Age just a number on U.S. alpine team |

Age just a number on U.S. alpine team

Adam Boffey
Summit County correspondent
Aspen, CO Colorado
Steven Nyman, a member of the 2008 U.S. Alpine Ski Team from Provo UT, skis past a gate during a training run on Keystone's Star Fire run Thursday morning. Both men and women from the U.S. team will be training at Keystone and Copper Mountain the next few weeks. (Mark Fox/Summit Daily)

KEYSTONE, Colo. ” Erik Schlopy may be 35 years old and still trying to overcome a nagging knee injury, but the U.S. Ski Team veteran isn’t showing any signs of retirement.

“It’s just the way sports are going,” Schlopy said after a giant slalom training session Thursday at Keystone.

“The sports science and training is so much better, but I think more than anything, athletes are starting to realize life’s good if you’re making a living having fun and going fast. Why would you want to stop doing that?”

Schlopy, a three-time Olympian who’s still looking for his first World Cup victory, got hurt last December and was kept off the slopes longer than expected.

“I shut the doors on the season because I had so much pain I couldn’t ski,” Schlopy said.

“I thought it would be six-to-10 weeks, but it didn’t heal. I went to New Zealand in August and still couldn’t ski gates.”

Things started to improve for Schlopy when he got to Solden, Austria, to prepare for the World Cup GS opener, which took place Oct. 28.

He was able to gate train in Austria and he got a start in the race by virtue of his place among the top 60 skiers in the world (he’s No. 23).

Schlopy didn’t qualify for a second run, but being back in the mix was the most important thing on that day.

(American Ted Ligety, who’s not currently training with the team at Keystone, took second place).
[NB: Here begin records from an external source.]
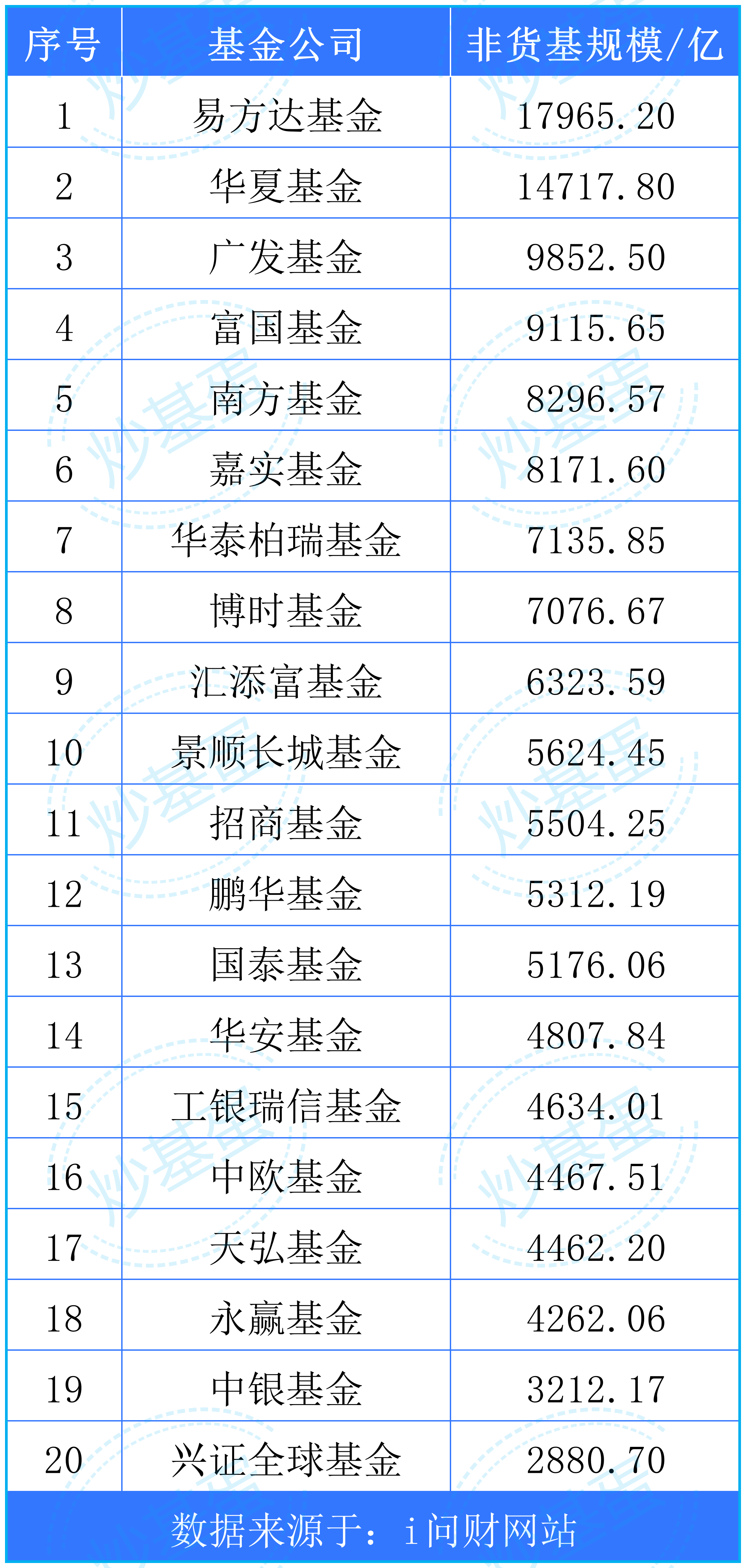 1.选择基金公司实力较强,可以看看非货规模靠前的公司。这个数据原来协会一直公布的,今天写文章的时候发现,竟然不公布了。找第三方数据贴下:
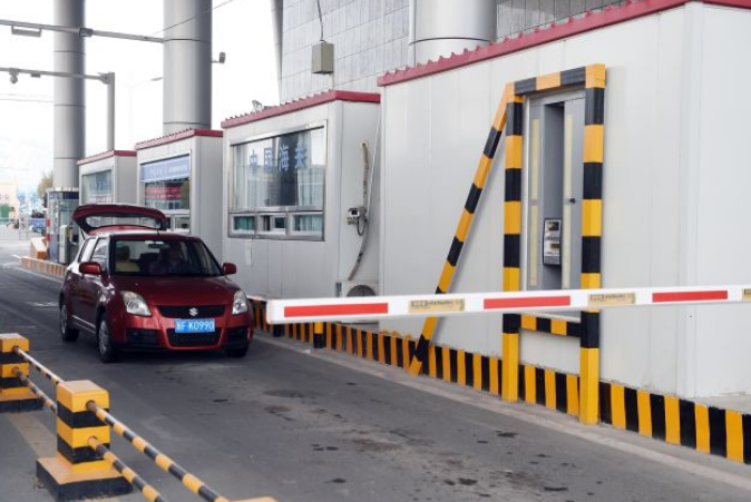 车辆在通过中哈霍尔果斯国际边境合作中心的“一站式”入出境联检通道(2015年11月11日摄)。新华社记者 陈晔华 摄
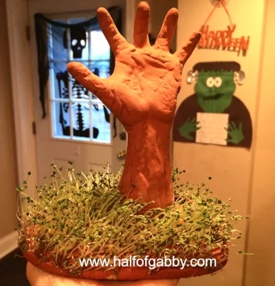 As you can see, our Zombie Chia Pet REALLY did turn out looking just like the one on the box! So cool! It's only been growing for about six days. We can't wait to see it in another week!

“(Schlopy’s) still down a little bit on volume for the year and still a little behind the other guys,” said World Cup GS coach Greg Needell.

“But by the end of this camp, he should be caught up and ready to go.”

Needell spoke to the importance of having Schlopy back on the hill, even if he’s not at the top of his game quite yet.

“Everyone’s happy he’s around,” Needell said.

“He brings so much experience and knowledge that it’s like having another coach on staff. It’s great for the guys because they have someone to go to that has a little different lifestyle than they do.”

“I’m a dad now,” Schlopy explained. “I kept telling the younger guys stories about my daughter but then I was like, ‘I don’t know if these guys want to hear about this stuff.'”

Thursday’s U.S. Ski Team media day, which took place at the base of Star Fire, was inevitably buzzing with questions about Bode Miller.

Most of the technical skiers on hand downplayed Miller’s decision to leave the U.S. Ski Team and compete independently under former U.S. team coach John McBride.

“I don’t think (Bode’s absence from the team) will have much of an effect on us,” Tim Jitloff said.

“Ted (Ligety) proved in Solden that he’s one of the fastest in the world. To be honest with you, our team is super-tight.”

Jitloff is automatically qualified for all the World Cup GS starts after winning the NorAm GS title last season, so he’ll still be seeing Miller from time to time.

“We wish Bode well,” said the 22-year-old Jitloff.

“I can’t deny that he’s opened a lot of doors for me as a young athlete. He got a lot of people excited about our sport.”

Jake Zamansky, who’s returning from a knee injury like Schlopy, said he valued the opportunity to train alongside Miller prior to the season-opener last month.

“He’s one of the fastest guys in the world,” Zamansky said.

“It’s always good to have that on the hill whether he’s American or from a foreign team.

You always want to train with better guys.”

Zamansky said he hasn’t personally detected animosity on Miller’s part.

“There’s nothing toward the athletes and I haven’t asked him about anything toward the organization,” Zamansky said. “He wants to ski race ” that’s his m.o.”

Miller, Schlopy and Jitloff will join Ligety, Dane Spencer and Jimmy Cochran as GS starters at the Beaver Creek Birds of Prey race on Dec. 2.

The U.S. also has one more spot that’s up for grabs.

“In training, everyone’s actually in a tight block,” Needell said. “Whereas in the past, there’s been a few guys who have been out ahead quite a bit.”

“It’s very competitive,” echoed Jitloff. “Every run we’re coming down and looking at the times we’re getting and who’s doing well and we’re pushing each other to do better. It’s really good ” I’m glad we have that.”